- [Your goal] Although the entries contain pictures, only their words should be duplicated exactly.

** Material provided follows **

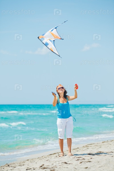 Женщина с воздушным змеем на пляже
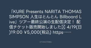 「KURE Presents NARITA THOMAS SIMPSON 人生はとんとん Billboard Live」ツアー最終公演の生配信決定!
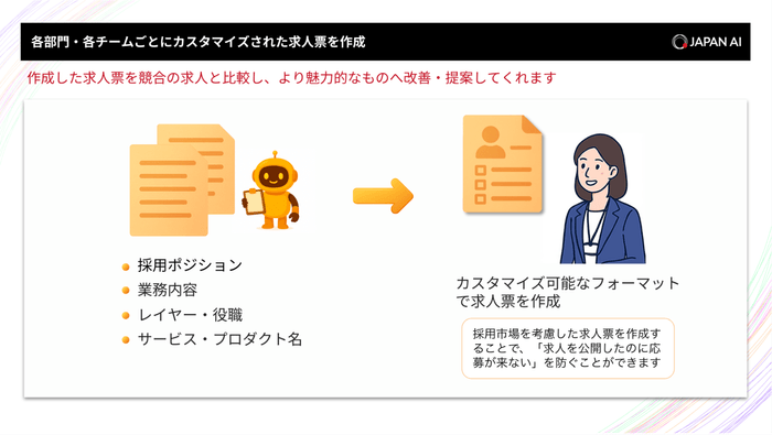 自社のフォーマットにカスタマイズされた求人票を自動作成。既存の求人票も競合の求人票と比較し、改善提案を行います。
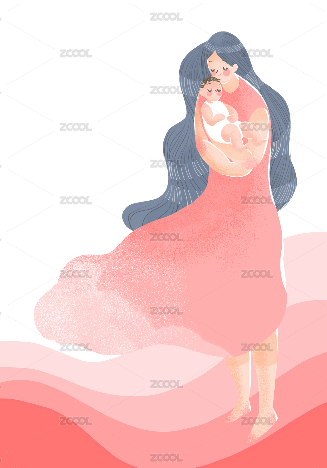 怀抱婴儿的妈妈母亲节母婴插画竖版
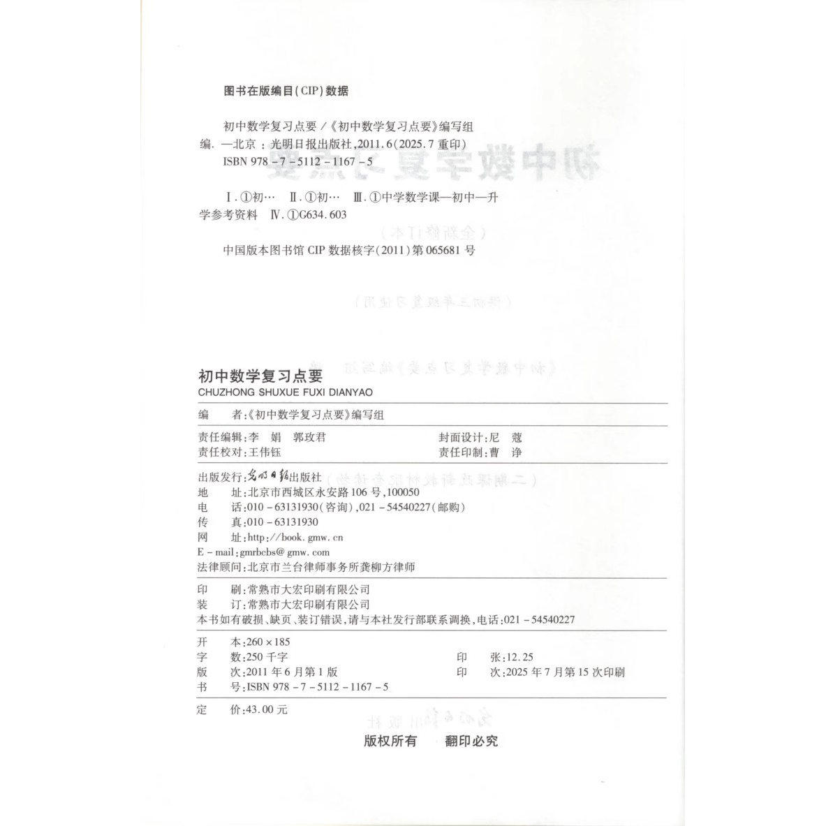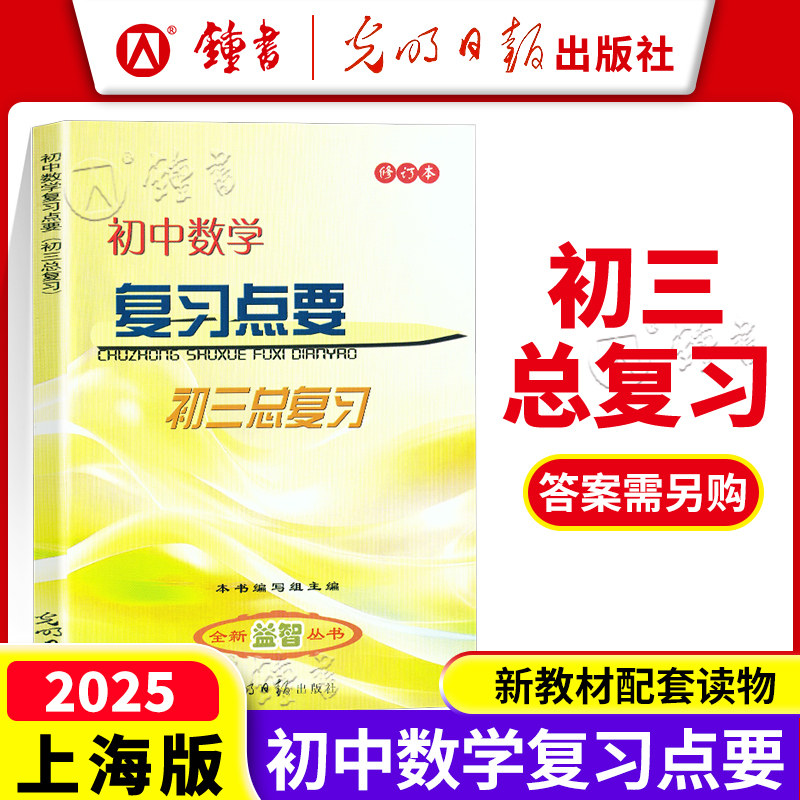 2025-2026初中数学复习点要+参考答案 初三中考总复习修订本 上海九年级数学知识梳理考点整合光明日报 初三数学中考总复习用书
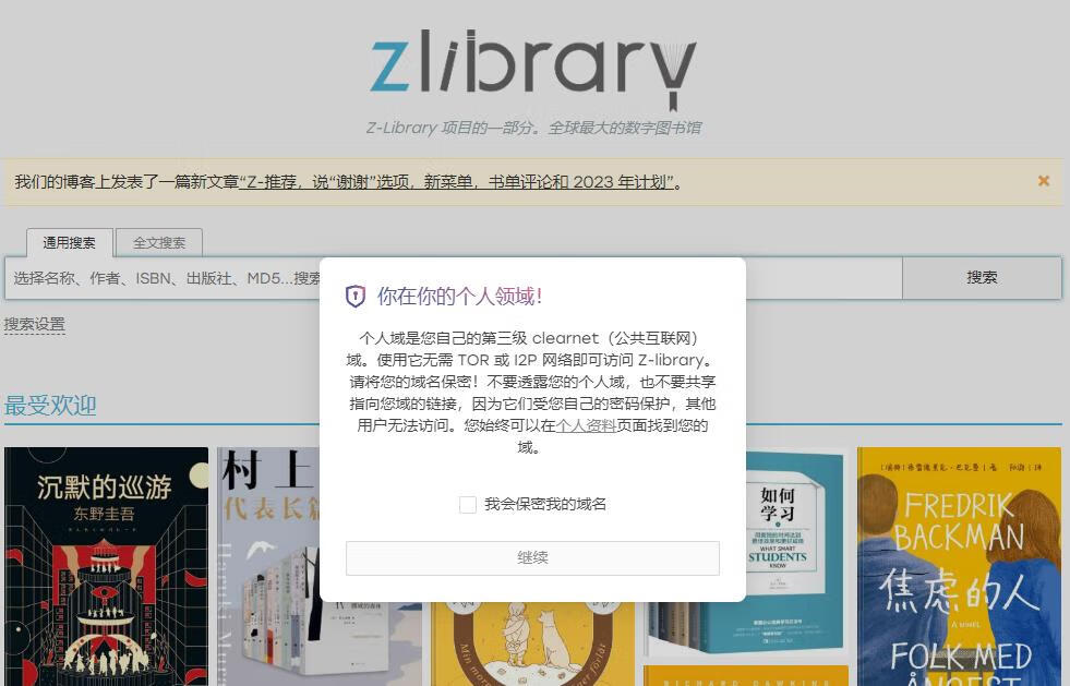 个人域是您自己的第三级 clearnet(公共互联网)域。使用它无需 TOR 或 I2P 网络即可访问 Z-library。请将您的域名保密!不要透露您的个人域,也不要共享指向您域的链接,因为它们受您自己的密码保护,其他用户无法访问。您始终可以在个人资料页面找到您的域。

** End of Material provided **

- [Exercise answer]
 Женщина с воздушным змеем на пляже
 「KURE Presents NARITA THOMAS SIMPSON 人生はとんとん Billboard Live」ツアー最終公演の生配信決定!
 自社のフォーマットにカスタマイズされた求人票を自動作成。既存の求人票も競合の求人票と比較し、改善提案を行います。
 怀抱婴儿的妈妈母亲节母婴插画竖版
 2025-2026初中数学复习点要+参考答案 初三中考总复习修订本 上海九年级数学知识梳理考点整合光明日报 初三数学中考总复习用书
 个人域是您自己的第三级 clearnet(公共互联网)域。使用它无需 TOR 或 I2P 网络即可访问 Z-library。请将您的域名保密!不要透露您的个人域,也不要共享指向您域的链接,因为它们受您自己的密码保护,其他用户无法访问。您始终可以在个人资料页面找到您的域。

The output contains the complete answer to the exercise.